A Rising Number Of COVID-19 Hospitalizations Is a Health Risk For Everyone

The number of Coronavirus cases in the US continues to soar, putting additional strain on health systems to provide care for patients. As a result, hospitals are running out of ICU beds around the country. In addition, it is not only people with COVID-19 who are affected by the shortage of medical resources. Car accident victims and people having heart attacks or strokes may also experience long waits for treatment or hospital beds in the intensive care unit.

A Rising Number Of COVID-19 Hospitalizations Is a Health Risk For Everyone

Patients who do not require urgent care are being affected by a surge in COVID-19 patients, nearly all of who are unvaccinated, requiring medical staff, equipment, and space. When there is no staff in the ICU, the beds are just empty. Resources in hospitals can be categorized into three groups:

  • Staff members such as doctors and nurses
  • Rooms, beds, and other spaces for patients
  • Supplies and equipment
A rising number of COVID-19 hospitalizations is a health risk for everyone

A problem in a single area can strain a health system and impact patient care, said Dr. Greg Martin, who is president of the Society of Critical Care Medicine and an Emory University School of Medicine professor.

Many hospitals did not have enough personal protective equipment (PPE) and ventilators during the initial phase of the pandemic. There have been improvements in the supply chains since then, however, some regions may still be without specialized supplies and equipment. The number of beds available in an ICU is also tracked by many hospitals, which is what determines its capacity.

ICU beds in the United States are filled to nearly 80 percent, the US Department of Health and Human Services reports. Hospitals report problems such as overcrowded ICUs, particularly in places like Alabama and Arkansas, where vaccination rates for COVID-19 are low.

To cope with peak demand, some hospitals have created extra ICU beds throughout the hospital, in tents outside, or even in parking garages. In reality, though, how many ICU beds are in use can provide misleading information, according to Dr. Brad Uren, University of Michigan Health, a division of Michigan Medicine, emergency medicine lecturer.

Those who provide actual care are not only nurses, respiratory therapists, technicians, and physicians, but also technicians, nurses, and other staff. There are severe staff shortages in some hospitals in coronavirus hot spots as a result of stress caused by the surge after surge of patients suffering from the virus.

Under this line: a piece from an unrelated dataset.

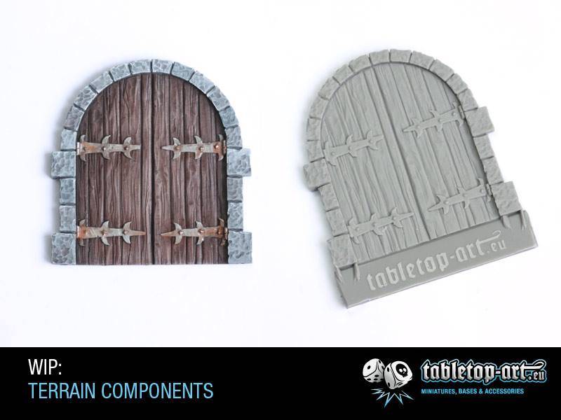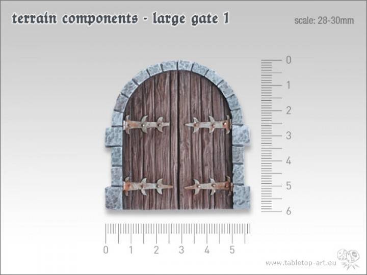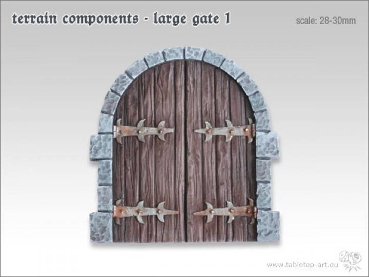 De set bestaat uit een grote gesloten houten poort met stevige scharnieren dat op een gebouw bevestigd kan worden.

Martin said people are leaving the workforce because they can no longer handle the pressure. It’s partly because of the transition from a sprint to a marathon. In the course of these subsequent surges, people are having a difficult time providing health care, he added.

A surge in COVID-19 affects healthcare in other countries

HHS reports that COVID-19 patients generally occupy 30 percent of all ICU beds in the country. This does not mean hospitals can deal with surges in pandemic patients easily. Despite the pandemic, hospitals were already operating at near capacity before the outbreak. In a crowded hospital, providing other lifesaving care becomes more difficult.

In addition to COVID-19 patients, a surge could affect other patients in the hospital, including those who are not affected. Essentially, there is competition for resources, especially when they need the same items. It is true especially with regards to patients in need of critical care that have direct competition for resources. Take pneumonia, for example.

The beds occupied by COVID-19 patients cannot be used for any other emergency, such as a heart attack, stroke, or car accident. COVID-19 patients are especially at risk of being overrun by rural hospitals. Kaiser Family Foundation reports that metro areas have ten times more ICU beds than non-metro areas.

Having an ICU bed on hand in an emergency room can take hours or days when hospitals have reached or are approaching capacity for ICU beds. A patient may have to travel to another city or state to access their bed. According to Uren, patients are frequently transferred far from their homes for care. Nonetheless, it is important to know that other patients can also be affected by this.